General characteristics
- Class & type: Edsall-class destroyer escort
- Displacement: 1,253 tons standard; 1,590 tons full load;
- Length: 306 feet (93.27 m)
- Beam: 36.58 feet (11.15 m)
- Draft: 10.42 full load feet (3.18 m)
- Propulsion: 4 FM diesel engines,; 4 diesel-generators,; 6,000 shp (4.5 MW),; 2 screws;
- Speed: 21 knots (39 km/h)
- Range: 9,100 nmi. at 12 knots; (17,000 km at 22 km/h);
- Complement: 8 officers, 201 enlisted
- Armament: 3 × single 3 in (76 mm)/50 guns; 1 × twin 40 mm AA guns; 8 × single 20 mm AA guns; 1 × triple 21 in (533 mm) torpedo tubes; 8 × depth charge projectors; 1 × depth charge projector (hedgehog); 2 × depth charge tracks;

= USS Hissem =

1943 Edsall-class destroyer escort

USS Hissem (DE-400/DER-400) was an Edsall class destroyer escort of the United States Navy. Hissem was constructed in 1943 as DE-400. In 1955, the vessel was equipped with modern radars, and the designation was changed to DER-400. The special purpose of DER (Destroyer Escort Radar picket) ships was the detection of aircraft. Their chief role was to extend the DEW line out into the N. Atlantic and the N. Pacific oceans.

==Namesake==
Joseph Metcalf Hissem was born on 31 December 1917 in Mount Carroll, Illinois. He enlisted in the United States Naval Reserve on 9 January 1941. Following flight training he was appointed Ensign on 30 August 1941. Though he was assigned to a patrol squadron in Hawaii, he volunteered for temporary duty with Torpedo Squadron 8. In the first attack in the Battle of Midway on 4 June 1942 Hissem and his squadron took off from and without fighter protection pressed home an attack on the Imperial Japanese Navy aircraft carriers until all were shot down.
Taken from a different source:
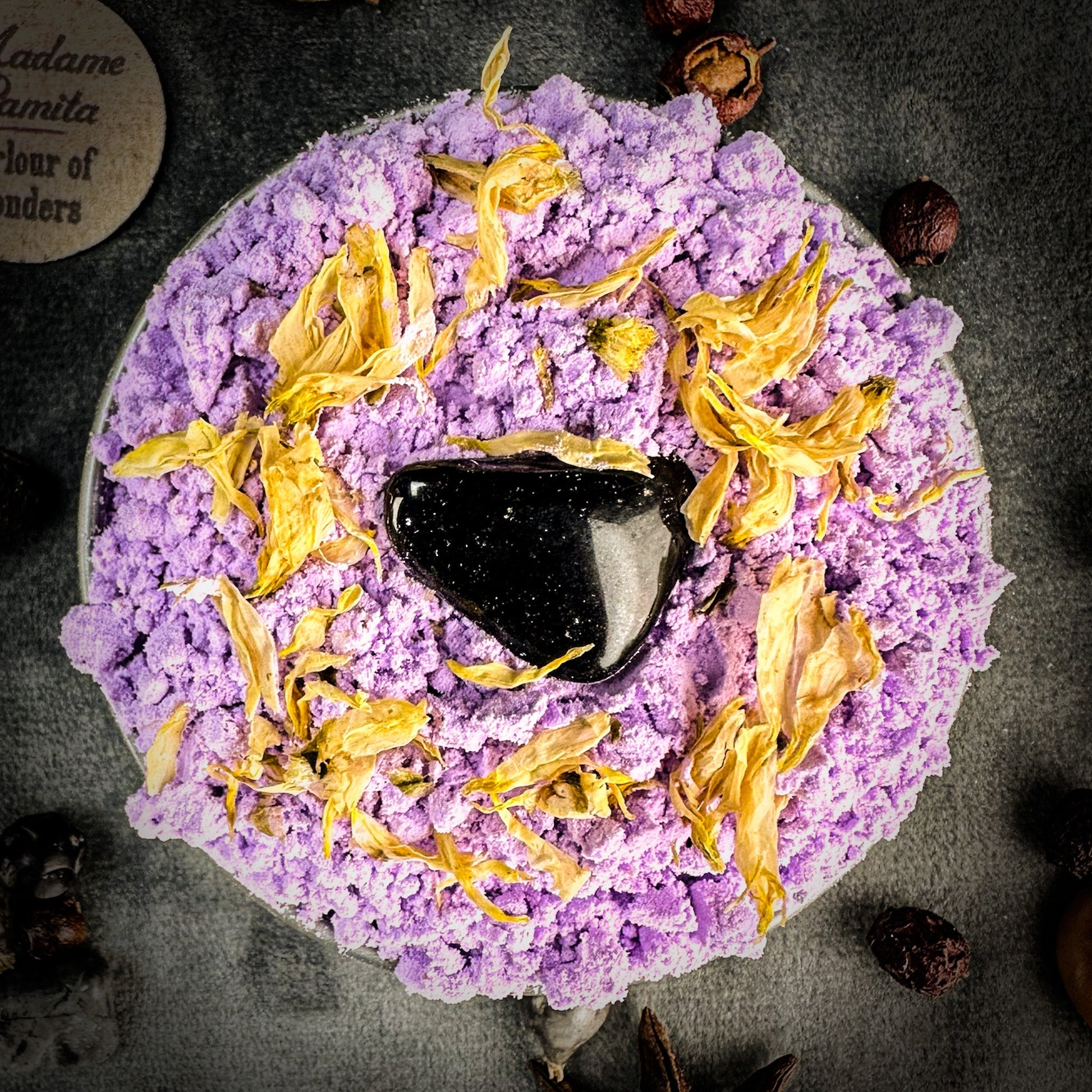 Each generous tin comes with a lucky Black Tourmaline gemstone. Leave the gemstone in the tin until all the product is used, then place it on your altar or carry it in a mojo bag.

Although no ships were sunk in the attack, they diverted air cover and forced a re-arming of Japanese planes which brought victory for the U.S. fleet. He was posthumously awarded the Navy Cross and the Purple Heart.

==History==
Hissem was launched by Brown Shipbuilding, Houston, Texas, 26 December 1943; sponsored by Miss Elizabeth D. Hissem, sister of Ensign Hissem; and commissioned 13 January 1944.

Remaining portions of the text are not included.